There are limited options available to litigants who wish to obtain documents from non-parties for the purposes of Bermuda civil litigation. Unlike the United States, where litigants can obtain broad discovery from non-parties (including deposition discovery), Bermuda’s Courts do not have the power to order discovery from non-parties for use in Bermuda proceedings.
In appropriate circumstances, a Bermuda litigant may obtain production of documents from a non-party present within the jurisdiction of Bermuda by applying to the Court for the issuance of a subpoena duces tecum. However, production of documents from a non-party may not be ordered unless the documents sought are “necessary for the fair disposal of the issues in dispute in the proceedings”. In addition, documents sought by way of subpoena must be identified specifically, either individually or compendiously, and not by reference to broad categories or to the issues in the proceedings.
The Supreme Court of Bermuda has recently issued a decision, In the matter of Jardine Strategic Holdings Limited [2024] SC Bda 63 Civ. (5 November 2024), confirming the legal test to be applied when determining whether a non-party may be compelled to produce documents in response to a subpoena duces tecum.
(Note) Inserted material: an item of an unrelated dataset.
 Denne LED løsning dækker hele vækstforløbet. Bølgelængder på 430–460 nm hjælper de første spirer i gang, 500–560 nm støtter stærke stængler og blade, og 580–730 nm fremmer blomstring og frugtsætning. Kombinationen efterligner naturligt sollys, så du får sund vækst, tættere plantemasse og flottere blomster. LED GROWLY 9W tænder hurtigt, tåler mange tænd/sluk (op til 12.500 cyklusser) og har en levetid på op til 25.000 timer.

The requirement for the target documents to be “necessary” is often misinterpreted to mean that the documents must be directly relevant to disputed issues and strictly necessary (i.e. essential) for their determination. However, as Martin J’s recent ruling in Jardine makes clear, the Court is able to take a flexible approach and to have regard to all the circumstances of the particular case in deciding what is “necessary” for the fair disposal of the issues in dispute.
The decision concerned subpoenas served by a large number of dissenting shareholders in connection with share appraisal proceedings brought against a Bermuda holding company under Section 106(6) of the Companies Act 1981, which followed the compulsory acquisition of the dissenting shareholders’ shares. The Bermuda holding company did not have any employees and its assets (and value) comprised principally publicly-traded majority shareholdings in underlying “group” companies, which meant that many documents relevant to valuing the company’s shares were in the possession of the subsidiary companies. As the Bermuda Court had previously found that documents in the possession of the subsidiary companies were not in the possession, custody or power of the holding company (and therefore could not be obtained by way of discovery), it was necessary for the shareholders to seek documents directly from the subsidiary companies as non-parties by way of subpoena.
The non-party subsidiary companies subsequently sought orders setting aside the subpoenas on various grounds, including on the basis that the information sought by the subpoenas was not necessary for the disposal of the issues in dispute in the appraisal proceedings. In support of their position, the subsidiaries adduced extensive evidence from expert valuers who sought to challenge the evidence of the dissenting shareholders’ independent valuation expert, who maintained that the documents sought were necessary to enable him to undertake a valuation that would be “significantly more informed”.
Endorsing the approach advocated in the English authorities, Martin J held in Jardine that the following principles reflect the proper approach to determining “necessity” in the context of a subpoena:
- The documents must be relevant to some issue in the proceedings and be admissible in evidence in respect of that issue, as well as to be necessary for fairly disposing of the action;
- The documents must be required as relevant and admissible evidence, or must at least arguably and on reasonable grounds come within that category;
- The test for production of specific documents requires the Court to consider whether one party would enjoy an unfair advantage over the other in the proceedings were production to be refused; and
- Necessity is a requirement that must be dictated flexibly in the circumstances of each of case.
Martin J refused the application to set aside the shareholders’ requests and firmly rejected the suggestion that his refusal to set aside the dissenters’ subpoenas amounted to a “change in law” or would lead to a flood of subpoenas in appraisal and other types of proceedings, remarking that the law in this area is “well-settled” and that the Court is armed with sufficient discretion and power to prevent abuse or oppressive use of the subpoena jurisdiction.
A subpoena remains a tool of limited utility for gathering evidence that cannot be obtained from the opposing party through the discovery process. However, as the Jardine decision illustrates, when there is no other means of obtaining important evidence, the Court will uphold an appropriately framed subpoena directed at third party document custodians which demonstrates the relevance, necessity and admissibility of the evidence that is sought from the third party.